STUDY MATERIAL: Begin

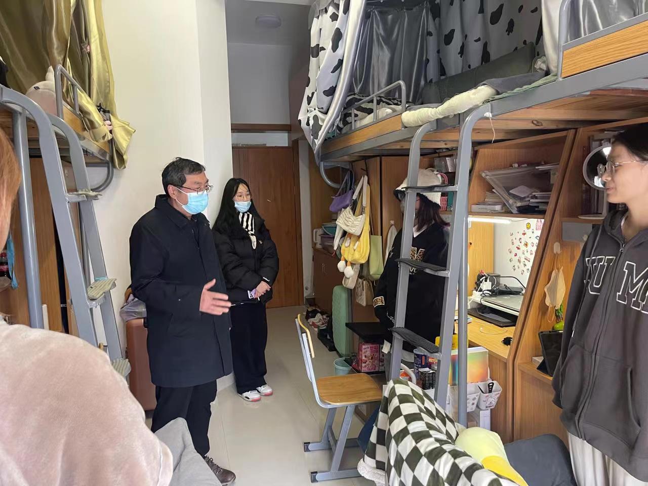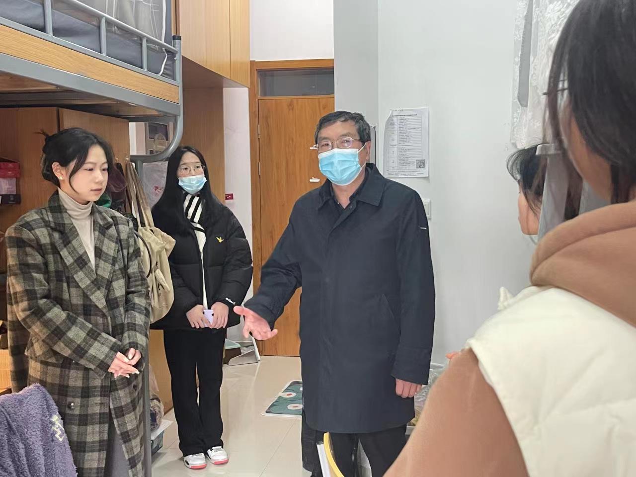 12月12日,公司党委委员、副董事长赵小明走访MK体育员工寝室,与员工亲切交谈,公司党委委员徐培林陪同走访。
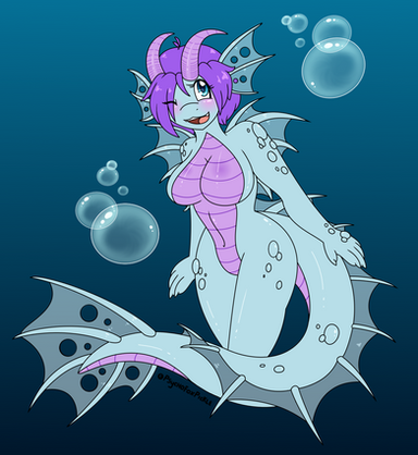 A cat mermaidish character I made for Indie!It was inspired by WaywardWaterGods character Teague!
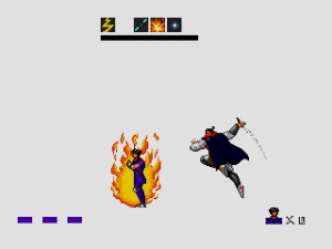 Many places on the Internet refer to Mystic Defender as the sequel to SpellCaster. Technically, this isn’t exactly true. It was actually intended as a direct adaptation of the second Kujaku Ou OVA, Kujaku Ou 2: Geneijo, eventually released in North America as Peacock King Spirit Warrior: Castle of Illusion. In Japan, the game had the same title as the OVA, and its back-cover and manual featured stills from the movie. Thus the numeral referenced the OVA, not the Master System / Mark III’s Kujaku Ou, whose story was very loosely based on the manga series and wasn’t really compatible with the OVA series’ continuity.
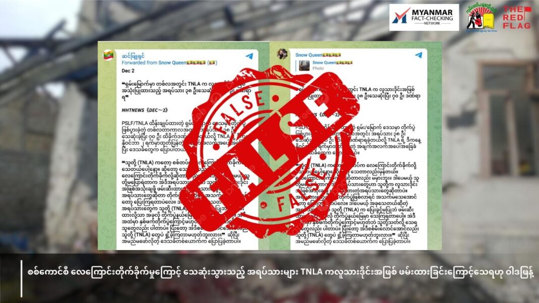 စစ်ကောင်စီအာပေး တယ်လီဂရမ် ဝါဒဖြန့်ချန်နယ်လ်တစ်ခုဖြစ်သည့် Snow Queen ချန်နယ်လ်မှ ဒီဇင်ဘာလ ၂ ရက်နေ့တွင် ဖြန့်ချိခဲ့ပြီး TNLA ထုတ်ပြန်သည့် အချက်အလက်အပေါ်အခြေခံကာ ဒေသခံများက ပြောပြခဲ့သည်ဟုဆိုပြီး ရေးသားဖြန့်ချိခဲ့သည်။
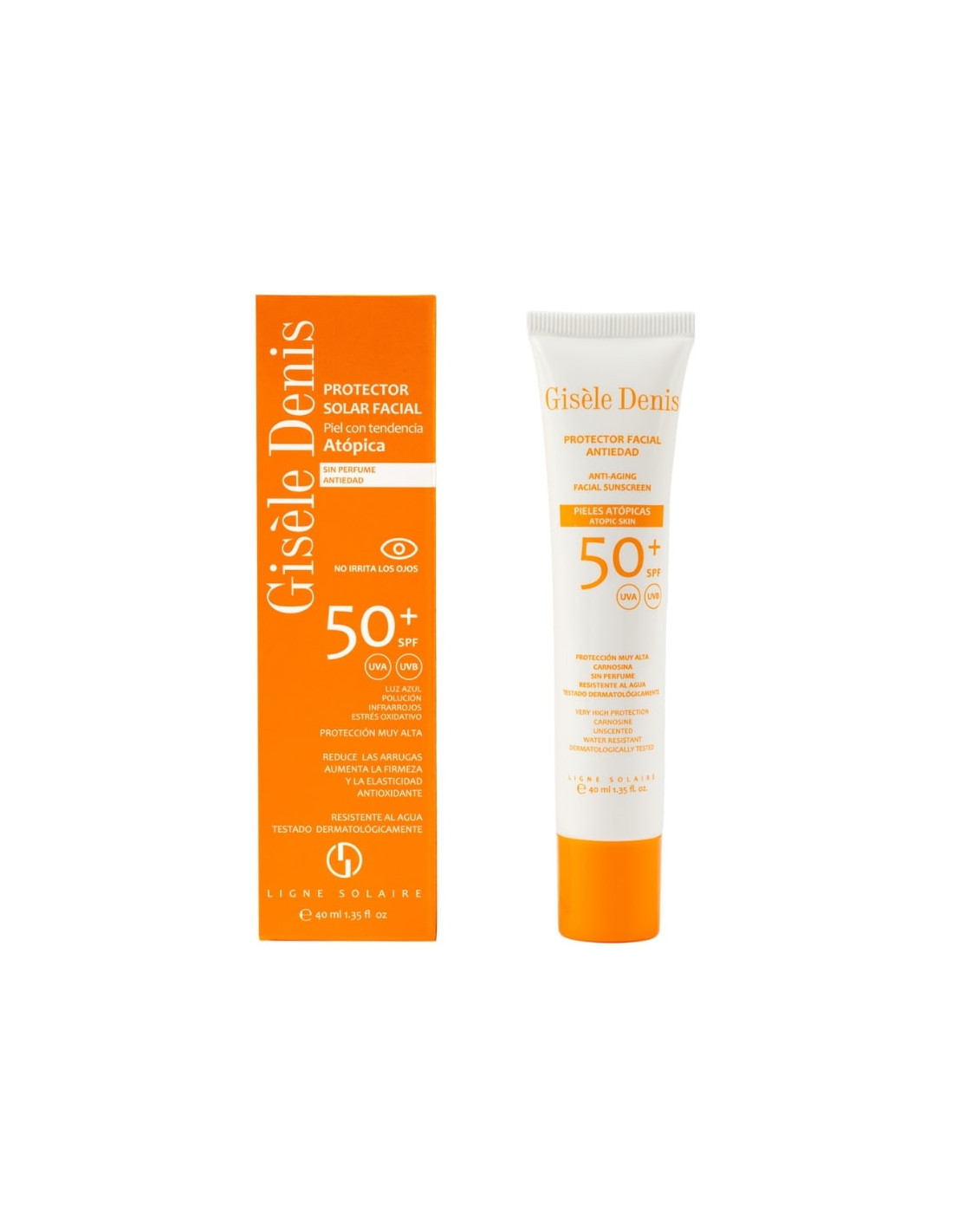 Gisèle Denis propõe este Protetor Solar Facial sem perfume, especificamente formulado para peles sensíveis e/ou com tendência atópica. É de largo espetro e possui um fator de proteção muito elevado (SPF 50+) para proporcionar uma proteção solar eficaz contra os efeitos nocivos dos raios UVA e UVB e dos factores ambientais. Contém Carnosina, um ingrediente ativo anti-radicais livres e anti-glicação que protege a pele dos efeitos nocivos da radiação UV e da luz azul. Após 8 semanas, este péptido biomimético alisa as rídulas e as rugas, aumenta a firmeza da pele em 17,8% e a elasticidade em 12,5%.

STUDY MATERIAL: End

TASK TO CARRY OUT:
Quote, please, only the lines running from the one with "စစ်ကောင်စီအာပေး တယ်လီဂရမ် ဝါဒဖြန့်ချန်နယ်လ်တစ်ခုဖြစ်သည့်" down to the final line of the data above, keeping both ends and skipping the pictures.

TASK ANSWER:
 စစ်ကောင်စီအာပေး တယ်လီဂရမ် ဝါဒဖြန့်ချန်နယ်လ်တစ်ခုဖြစ်သည့် Snow Queen ချန်နယ်လ်မှ ဒီဇင်ဘာလ ၂ ရက်နေ့တွင် ဖြန့်ချိခဲ့ပြီး TNLA ထုတ်ပြန်သည့် အချက်အလက်အပေါ်အခြေခံကာ ဒေသခံများက ပြောပြခဲ့သည်ဟုဆိုပြီး ရေးသားဖြန့်ချိခဲ့သည်။
 Gisèle Denis propõe este Protetor Solar Facial sem perfume, especificamente formulado para peles sensíveis e/ou com tendência atópica. É de largo espetro e possui um fator de proteção muito elevado (SPF 50+) para proporcionar uma proteção solar eficaz contra os efeitos nocivos dos raios UVA e UVB e dos factores ambientais. Contém Carnosina, um ingrediente ativo anti-radicais livres e anti-glicação que protege a pele dos efeitos nocivos da radiação UV e da luz azul. Após 8 semanas, este péptido biomimético alisa as rídulas e as rugas, aumenta a firmeza da pele em 17,8% e a elasticidade em 12,5%.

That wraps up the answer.